After the kiss they murmured together about nothing in particular, just words to fill the spaces until they would kiss again, and when she heard her own bemusement echoed in his voice — he too had expected nothing and had been surprised! — she laughed, from pleasure as much as amusement. He wanted to know what she was laughing at and she shook her head and said, “We’re funny.”

“Funny?”

“You almost didn’t take me out tonight.”

He hesitated, but not for very long, and then smiled and said, “I didn’t think there was any reason to.”

“I was better than nothing,” she said, laughing at them both.

“A little,” he conceded, and kissed her again. He was more aggressive about it than Fred had ever been, which startled her this time and made her hesitant in her own reaction. He noticed, and broke off to look at her and say, “What is it?”

“Nothing.” Her mind was full of Fred, in very confusing ways. She was remembering something she’d long ago put out of her mind, that her first reaction on hearing of his death had been to be angry at him, enraged, furious. And just before Christmas, too, she’d thought, as though he’d died on purpose and had deliberately chosen the most inconvenient time.
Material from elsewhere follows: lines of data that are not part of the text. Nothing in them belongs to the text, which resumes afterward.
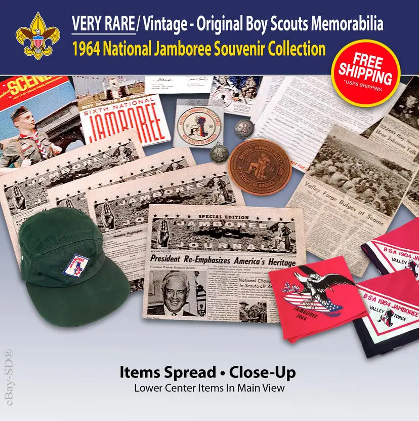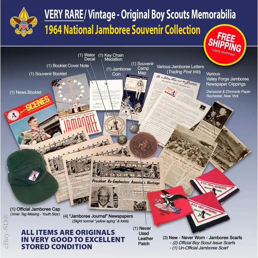 • The various rare items being offered here, were distributed or purchased directly at and during the actual 1964 Jamboree. Many of the items may never have been available here on eBay, or are very rare and very hard to find.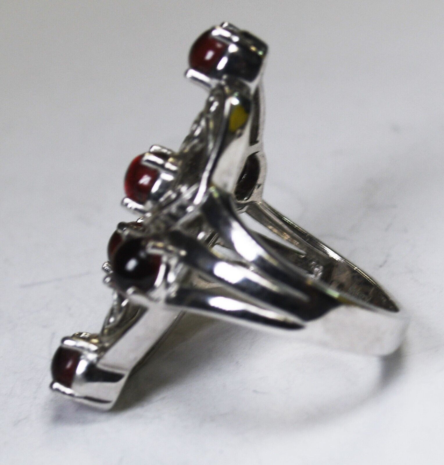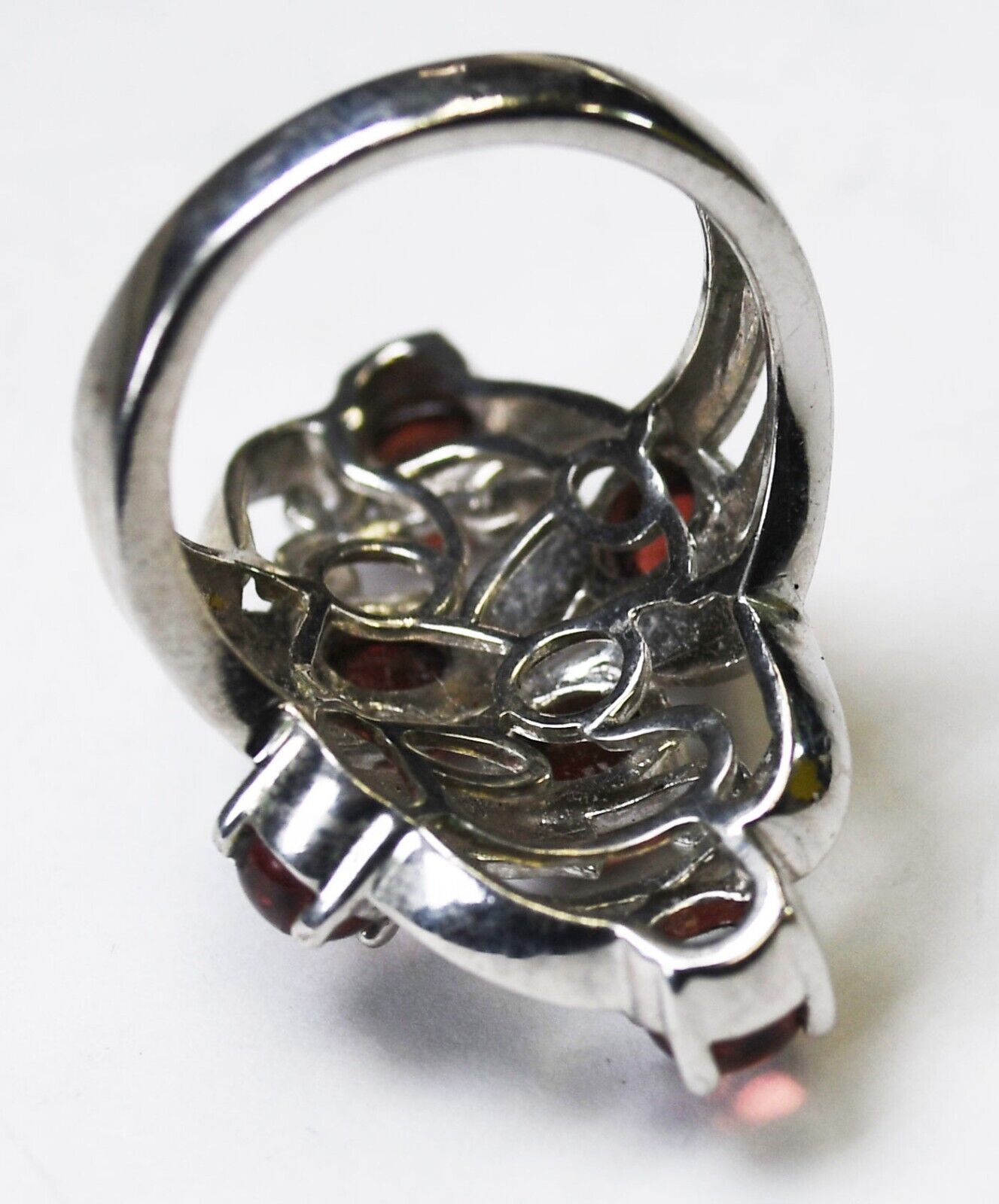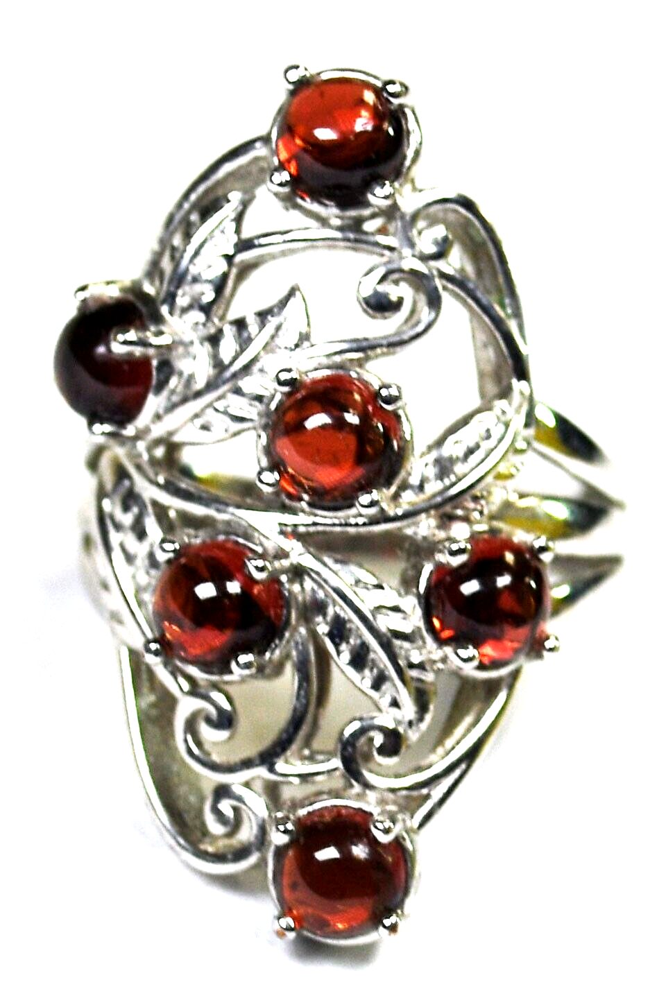 Karis 6 Garnet Filigree Floral Silver Tone Ring 33mm Size 8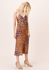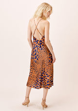 Gorgeous bias-cut animal print midi tank dress. Soft and silky with a bit of shine, this slip dress features a sexy criss-cross back detail, delicate spaghetti straps, and a flattering v-neckline. Layer it under a t-shirt for a casual daytime look, or dress it up with heels for special occasions.

Shock and grief had quickly buried that reaction and she hadn’t thought of it again until just this minute.

“You’ve gone away,” Robert said. “Your mind is drifting.”

“It was,” she admitted. “But it’s back now, I promise.” And when she saw he was still doubtful, she bracketed his face with her hands and kissed him back.

And this time, at last, it was him, it was Robert Pratt she was aware of, nothing out of the past, no irrelevancies at all. The strange specificity of him, his being different from anyone else she’d ever kissed. He seemed bulkier, broader, and at the same time harder. And his smell was different, like... like a new book. Fred had always smelled of leather and soap, had felt taut and slender and controlled, had always been at arm’s-length no matter how close they—

No more comparisons. No more past. She pressed against him, and when the kiss was over she rested her cheek on his scratchy shoulder. “My bear,” she whispered. (She knew she would feel self-conscious and silly later on for having said that, but it didn’t matter. It was the way she felt now.)

“My bird,” he answered. His voice was gruff, as though he should have cleared his throat first.

“Bird?” She sat back, delighted, to look at him and see if he’d really meant it. She thought of herself as a plainer, dowdier, more earthbound creature. A bird? Really?

“A beautiful bird,” he said, and no matter how hard she looked she could see no guile in his eyes. He reached out and laid his palm against her cheek and ear, his fingers curving against the side of her head, and all at once she did feel birdlike, delicate and fragile and precious, held in his large hand.

He said, “What are you crying for?”

“I’m not crying,” she said, though she knew full well she was. “It’s just a shower with the sun shining,” she said, and turned her face to kiss his palm.

iv

All was quiet at the gate. The old man was off-duty now, and a younger man shone his flashlight in Robert’s eyes, then saw Evelyn and shifted the light away with a quick apology. He walked briskly away to open the gate.

Evelyn found herself growing nervous all over again. She was tempted to ask the guard what had finally happened this evening, but in the first place he more than likely wouldn’t know and in the second place the person with the answers would be Bradford.